When searching databases for homologous sequences, one method is to use position-specific information for sequence alignment. One essential step of such “profile” method is building position-specific scoring model for further comparison. The problem with profile is that the models are complicated by many free parameters such as how to set up the position specific residue score (2). Hidden Markov models have been introduced to address these problems. The main idea is that HMMs describes a probability distribution (so they are a class of probabilistic models) to explain an infinite number of possible sequences.

The other sequence alignment method is called “pairwise” method. There are three main aspects: comparison algorithm, scoring matrices, and gap penalty. The program I used for multiple alignments is ClustalW. The ClustalW programs consist of three main stages: 1) all pairs of sequences are aligned separately in order to calculate a distance matrix giving the divergence of each pair of sequences; 2) a guide tree is calculated from the distance matrix; 3) the sequences are progressively aligned according to the branching order in the guide tree (3). During progressive alignment, a series of pairwise alignments are conducted to align larger and larger groups of sequences, following the branching order in the guide tree. At each step a full dynamic programming algorithm is used with a residue weight matrix and penalties for opening and extending gaps. Dynamic programming means that gaps that are present in older alignments remain fixed so do the score. This is the most demanding part in he alignment strategy in terms of processing time and memory usage.

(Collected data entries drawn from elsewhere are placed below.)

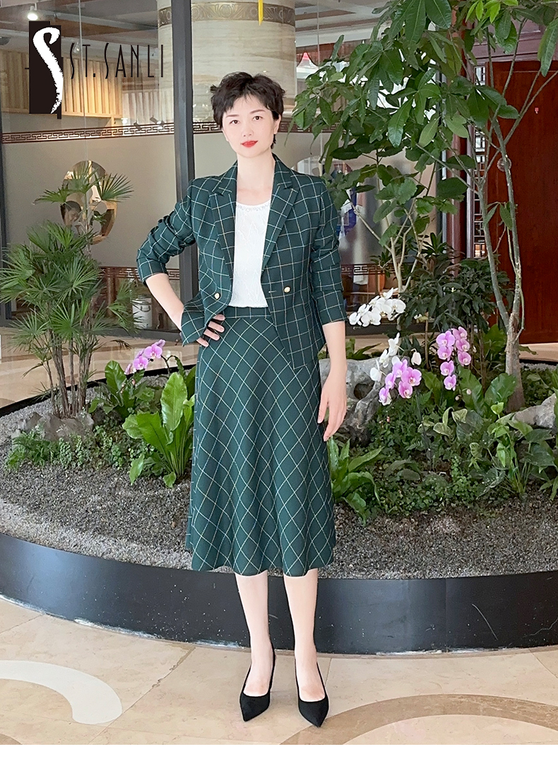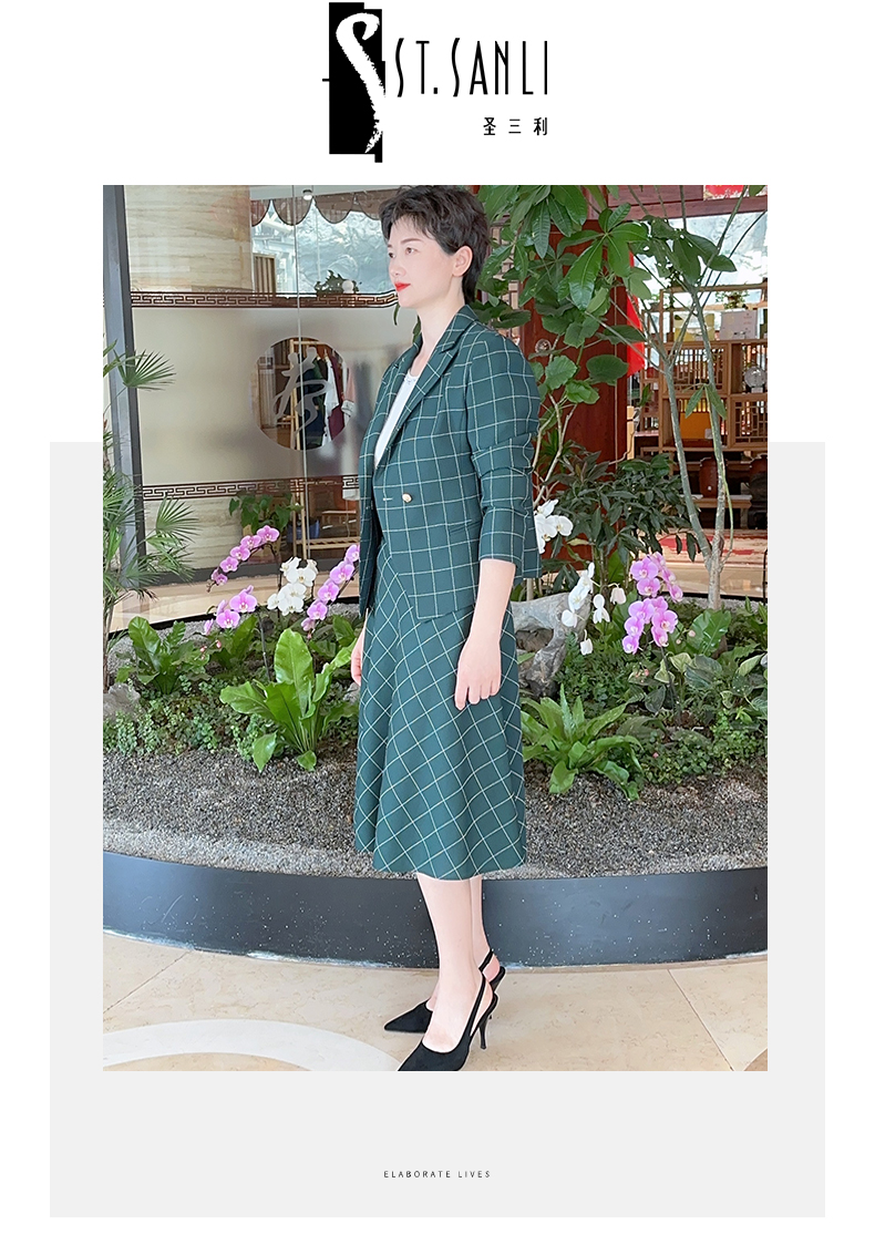 SAINT L’UCK/圣媛女装春季新款中长款V领格子连衣裙SA120L14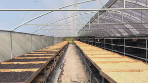 La lavorazione inizia con la conversione della ciliegia in caffè in pergamino presso un impianto di lavorazione a umido ecologico, progettato per minimizzare l'uso di acqua. L'impianto è attrezzato per gestire caffè lavati – sia fermentati che non fermentati – così come stili semi-lavati. L'essiccazione avviene in serre e sotto strutture ombreggiate in politene per garantire una disidratazione lenta e uniforme che promuove la sicurezza del prodotto, una maggiore durata di conservazione e una tracciabilità affidabile. La tenuta ospita anche l'attrezzatura e i macchinari necessari per macinare e preparare il caffè secondo le specifiche pronte per l'esportazione, garantendo un controllo di qualità end-to-end e la piena tracciabilità all'interno delle strutture della famiglia.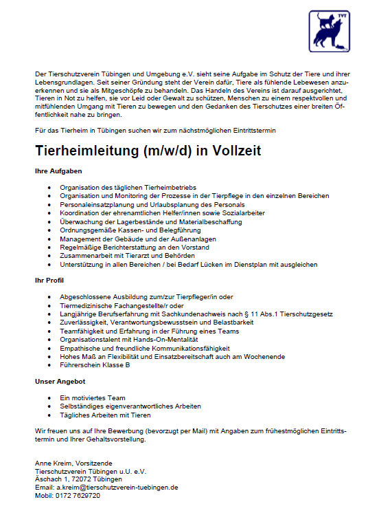 Wir freuen uns auf Ihre Bewerbung unter a.kreim@tierschutzverein-tuebingen.de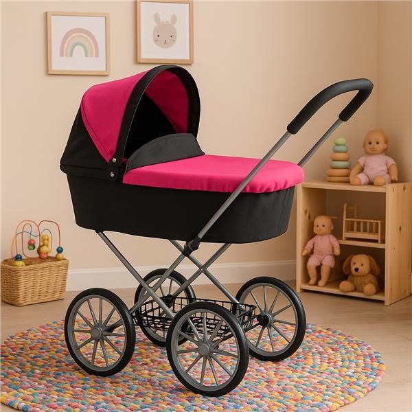 Stijlvolle en schattige kinderwagen in klassieke retro stijl die elk klein meisje dat graag gezinsspelletjes speelt, blij zal maken. Dankzij de zorgvuldige afwerking en praktische elementen zal de kinderwagen Betty een geliefd speelgoed en een trouwe partner voor dagelijks spel worden.

Scoring matrices is chosen based on the evolutionary diversity between aligned sequences. There are two approaches to establish scoring matrices. One is called PAM (Percent Accepted Mutations) matrices, or Dayhoff matrices, are derived using the point accepted mutation model of evolution, wherein all positions are equally mutable (4). A series of closely related proteins (<15% amino acid differences) were aligned. They used these aligned sequence to calculate the probability that a mutation would change a residue to other possible residues. The probabilities are then normalized to represent the average mutational change that will take place when 1 residue out of 100 undergoes mutation (1% accepted mutation, or PAM1). The matrix is multiplied by itself to obtain a probability matrix for other degrees of evolutionary change. The number with the matrix (eg. 30 in PAM30) refers to the evolutionary distance (PAM30=30 mutations per 100 residues); greater numbers mean greater distance.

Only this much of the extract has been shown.